Bug fixes and improvements
- [Playground] Filtering by testcase now works properly as well as searching. The pagination was also improved and now works as expected when before it showed inconsistent items in some cases.
- [Testsets] We fixed a bug where we exported empty testcase values as the string “null” instead of an empty string.
- [Projects] We simplified project creation by adding a create project modal to the projects page and project detail pages.
- [Testcases] We fixed a bug that broke the Generate testcases feature.
- [Settings] We added some text on the API keys page to clarify that your Scorecard API key is personal, but model API keys are scoped to the organization.
Tracing
We’ve significantly improved our trace management system by relocating traces within the project hierarchy for better organization. Users can now leverage robust search capabilities with full-text search across trace data, complete with highlighted match previews. The new date range filtering system offers multiple time range options from 30 minutes to all time, while project scope filtering allows viewing traces from either the current project or across all projects. We’ve enhanced data visualization with dynamic activity charts and improved trace tables for better insights. Our library support now focuses specifically on Traceloop, OpenLLMetry, and OpenTelemetry for optimal integration.
In addition, the trace system now includes intelligent AI span detection that automatically recognizes AI operations across different providers. Visual AI indicators with special badges clearly show model information at a glance. We’ve added test case generation capabilities that extract prompts and completions to easily create test cases. For better resource monitoring, token usage tracking provides detailed metrics for LLM consumption.
Examples repository
We’ve published comprehensive integration examples demonstrating OpenTelemetry configuration with Scorecard, including Python Flask implementation with LLM tracing for OpenAI and Node.js Express implementation with similar capabilities. A new setup wizard provides clear configuration instructions for popular telemetry libraries to help users get started quickly.
We also updated our quickstart documentation to be more comprehensive.
Bug fixes and improvements
- [Scoring] When a run metric has not yet been scored, we now display N/A instead of NaN, making it clearer that it has no data.
- [Prompt Management] We made stability and performance improvements to prompt management workflows.
- [Projects] All resources now belong to projects, including those created before Scorecard Projects were introduced.
- [Exports] Custom fields in CSV exports of run results are handled more reliably.
- [Organizations] When a user switches organizations, we now redirect them to the organization’s projects page.
- [Testsets] On the testcase page, we fixed the link back to the testset.
- [Metrics] We added a new autosize textarea component that lets you keep typing the metric description without running out of space.
- [Playground] The “Prompt manager”, “Update”, and “Delete prompt” buttons are now disabled for default prompts.
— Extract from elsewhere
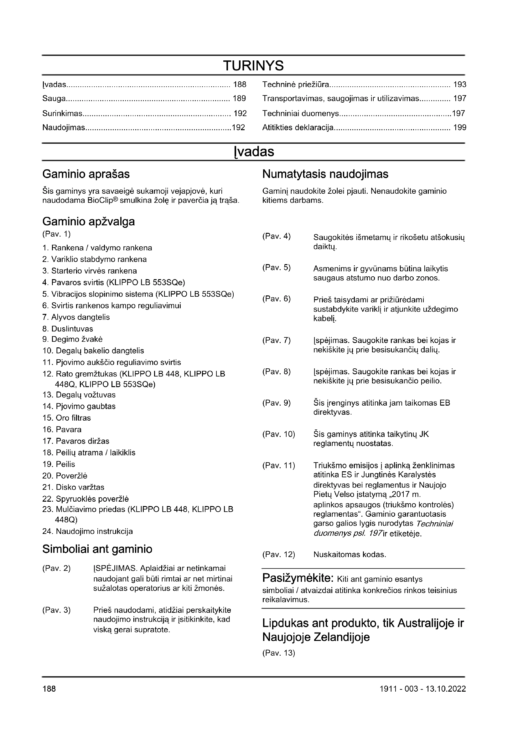 Simboliai ant gaminio (Pav. 2) ĮSPĖJIMAS. Aplaidžiai ar netinkamai naudojant gali būti rimtai ar net mirtinai sužalotas operatorius ar kiti žmonės. (Pav. 3) Prieš naudodami, atidžiai perskaitykite naudojimo instrukciją ir įsitikinkite, kad viską gerai supratote. (Pav. 4) Saugokitės išmetamų ir rikošetu atšokusių daiktų. (Pav. 5) Asmenims ir gyvūnams būtina laikytis saugaus atstumo nuo darbo zonos. (Pav. 6) Prieš taisydami ar prižiūrėdami sustabdykite variklį ir atjunkite uždegimo kabelį. (Pav. 7) Įspėjimas. Saugokite rankas bei kojas ir nekiškite jų prie besisukančių dalių. (Pav. 8) Įspėjimas. Saugokite rankas bei kojas ir nekiškite jų prie besisukančio peilio. (Pav. 9) Šis įrenginys atitinka jam taikomas EB direktyvas. (Pav. 10) Šis gaminys atitinka taikytinų JK reglamentų nuostatas. (Pav. 11) Triukšmo emisijos į aplinką ženklinimas atitinka ES ir Jungtinės Karalystės direktyvas bei reglamentus ir Naujojo Pietų Velso įstatymą „2017m. aplinkos apsaugos (triukšmo kontrolės) reglamentas“. Gaminio garantuotasis garso galios lygis nurodytas Techniniai duomenys psl. 197 ir etiketėje. (Pav. 12) Nuskaitomas kodas. Pasižymėkite: Kiti ant gaminio esantys simboliai / atvaizdai atitinka konkrečios rinkos teisinius reikalavimus. Lipdukas ant produkto, tik Australijoje ir Naujojoje Zelandijoje (Pav. 13)

When selecting metrics, the “Select and score now” button is now the primary button rather than the “Select” button.
- [API] When a user does not include their Scorecard API key, we now return a friendlier 401 error: “Missing API key” rather than “malformed token”.
- [Scoring] The human scoring panel collapses the run details page allowing users to see model responses and while scoring.
- [Platform] We enhanced platform stability and increased test coverage.
New Project Overview Page
We redesigned our project overview page, including some useful information in the new sidebar and made it possible to edit the name and description of a project in the same place.
Docs Site Revamp
We’re excited to announce we’ve moved to a completely revamped documentation site! Key improvements include:
- Improved navigation structure
- Better search functionality
- Enhanced API documentation
- New updates section to track changes
- Modern, cleaner design
This change will help us better serve our users with clearer, more organized documentation.